▸ Data below:
# # # # # # #

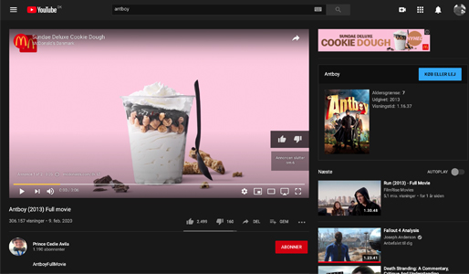 Man betaler ikke for at se Antboy ulovligt på YouTube, men techgiganten og uploaderen tjener penge ved at have reklamer for blandt andet McDonald’s undervejs i filmen.
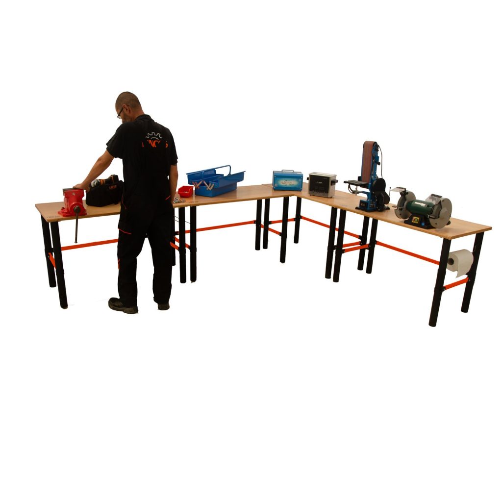 Стабилни метални крака, които са индивидуално регулируеми, създавайки напълно хоризонтална работна повърхност на неравни повърхности. Работната маса може да се сглоби много лесно и бързо (за около десет минути), без да са необходими пробиване или специални инструменти. Нужен ви е само 13mm ключ.
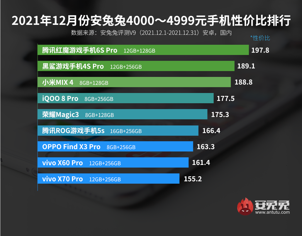 В категории от 4000 до 4999 юаней (от 627 до 783 долларов) первое место занял RedMagic 6S Pro (он же Red Devils 6S Pro), второе принадлежит Black Shark 4S Pro, а третье — Xiaomi Mix 4.

# # # # # # #

▸ What you have to do: Word-for-word output of the material above is needed, with the pictures left out.

▸ Task answer:
 Man betaler ikke for at se Antboy ulovligt på YouTube, men techgiganten og uploaderen tjener penge ved at have reklamer for blandt andet McDonald’s undervejs i filmen.
 Стабилни метални крака, които са индивидуално регулируеми, създавайки напълно хоризонтална работна повърхност на неравни повърхности. Работната маса може да се сглоби много лесно и бързо (за около десет минути), без да са необходими пробиване или специални инструменти. Нужен ви е само 13mm ключ.
 В категории от 4000 до 4999 юаней (от 627 до 783 долларов) первое место занял RedMagic 6S Pro (он же Red Devils 6S Pro), второе принадлежит Black Shark 4S Pro, а третье — Xiaomi Mix 4.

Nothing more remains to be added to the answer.